* WORK TO BE COMPLETED *
Using the entries below, copy exactly each line from the line with "Men's Minnesota Wild" up to and including the line with "Brand new with", with every picture left out.

* EXTRACTED INFORMATION *
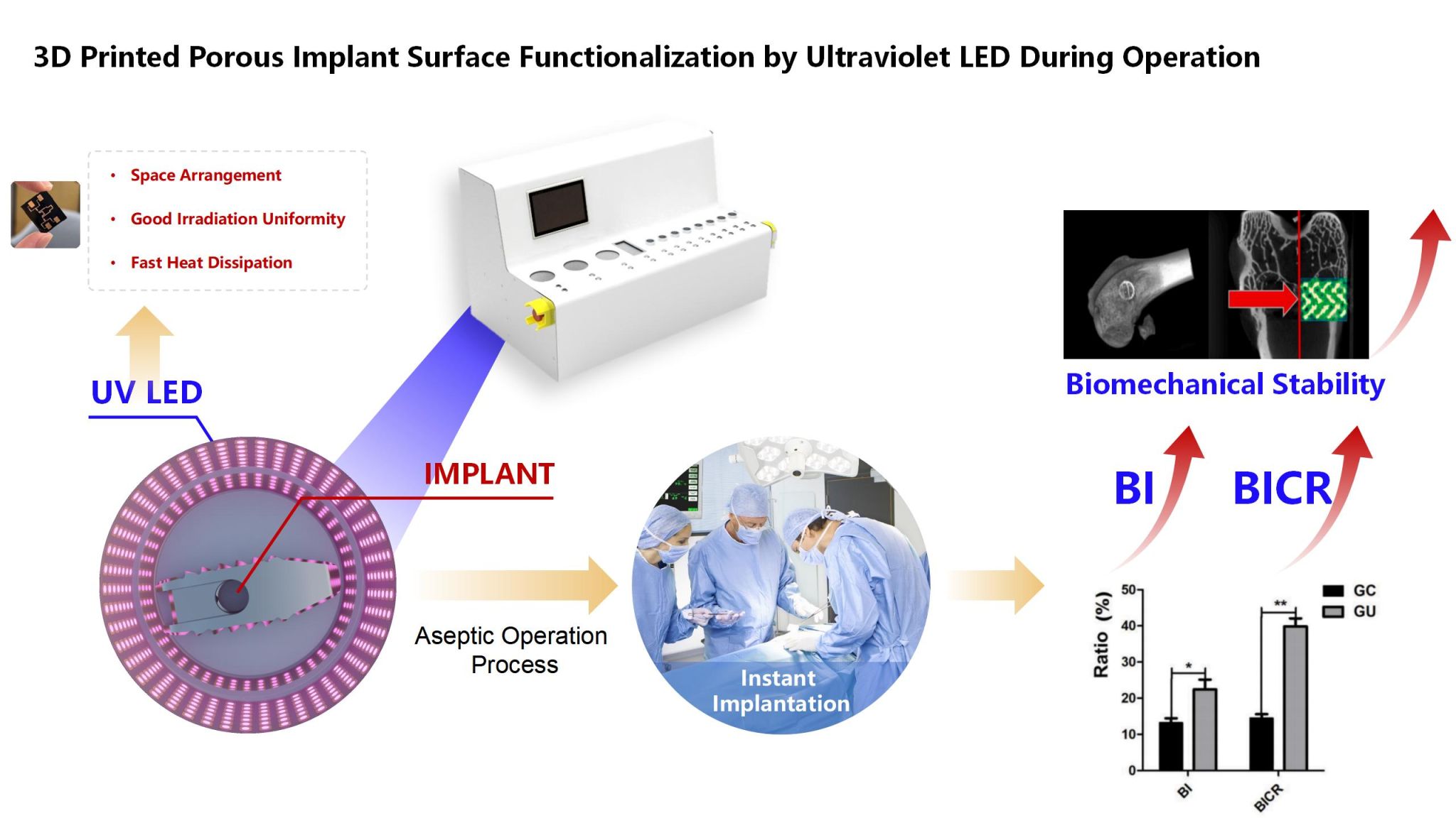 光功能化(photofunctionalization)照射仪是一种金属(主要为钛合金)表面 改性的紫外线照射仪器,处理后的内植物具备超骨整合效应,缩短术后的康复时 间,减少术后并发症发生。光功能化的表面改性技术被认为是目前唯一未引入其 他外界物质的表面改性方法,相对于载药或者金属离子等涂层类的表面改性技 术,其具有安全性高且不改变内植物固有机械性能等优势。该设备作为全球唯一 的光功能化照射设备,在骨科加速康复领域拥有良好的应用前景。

---

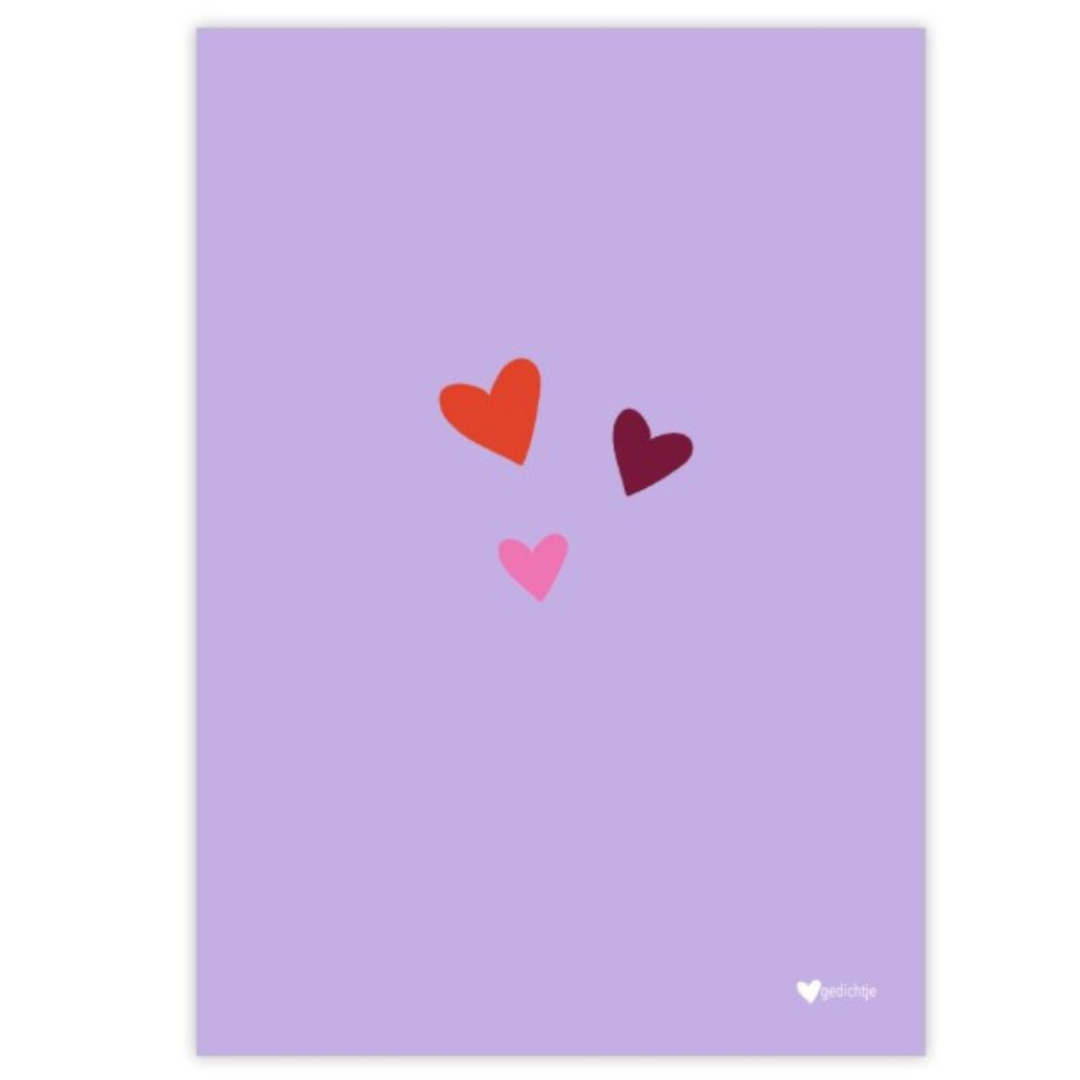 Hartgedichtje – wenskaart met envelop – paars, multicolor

==

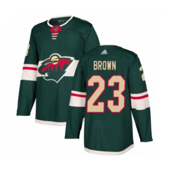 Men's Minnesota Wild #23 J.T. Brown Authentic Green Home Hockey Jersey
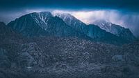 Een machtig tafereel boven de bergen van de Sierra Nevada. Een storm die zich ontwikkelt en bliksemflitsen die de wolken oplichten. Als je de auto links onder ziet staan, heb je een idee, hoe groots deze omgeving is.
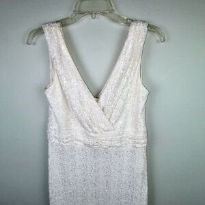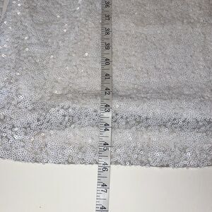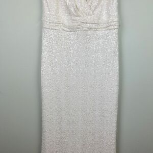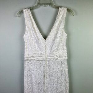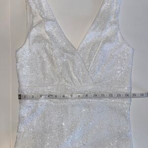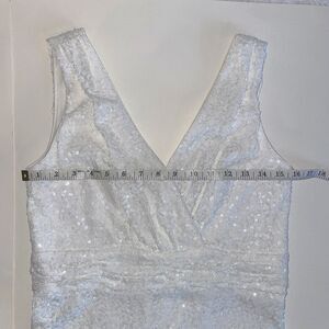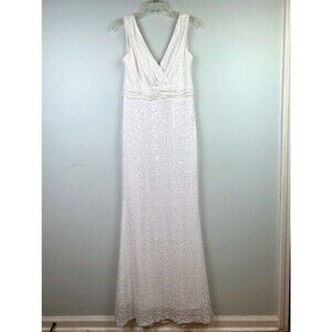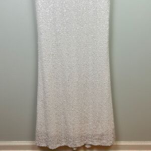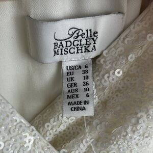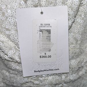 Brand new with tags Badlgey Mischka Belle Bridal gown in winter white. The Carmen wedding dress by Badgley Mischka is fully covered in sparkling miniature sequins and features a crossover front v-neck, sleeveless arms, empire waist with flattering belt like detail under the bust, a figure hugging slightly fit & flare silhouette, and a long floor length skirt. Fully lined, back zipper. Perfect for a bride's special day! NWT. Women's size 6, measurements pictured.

* ANSWER TO THIS PROBLEM *
 Men's Minnesota Wild #23 J.T. Brown Authentic Green Home Hockey Jersey
 Een machtig tafereel boven de bergen van de Sierra Nevada. Een storm die zich ontwikkelt en bliksemflitsen die de wolken oplichten. Als je de auto links onder ziet staan, heb je een idee, hoe groots deze omgeving is.
 Brand new with tags Badlgey Mischka Belle Bridal gown in winter white. The Carmen wedding dress by Badgley Mischka is fully covered in sparkling miniature sequins and features a crossover front v-neck, sleeveless arms, empire waist with flattering belt like detail under the bust, a figure hugging slightly fit & flare silhouette, and a long floor length skirt. Fully lined, back zipper. Perfect for a bride's special day! NWT. Women's size 6, measurements pictured.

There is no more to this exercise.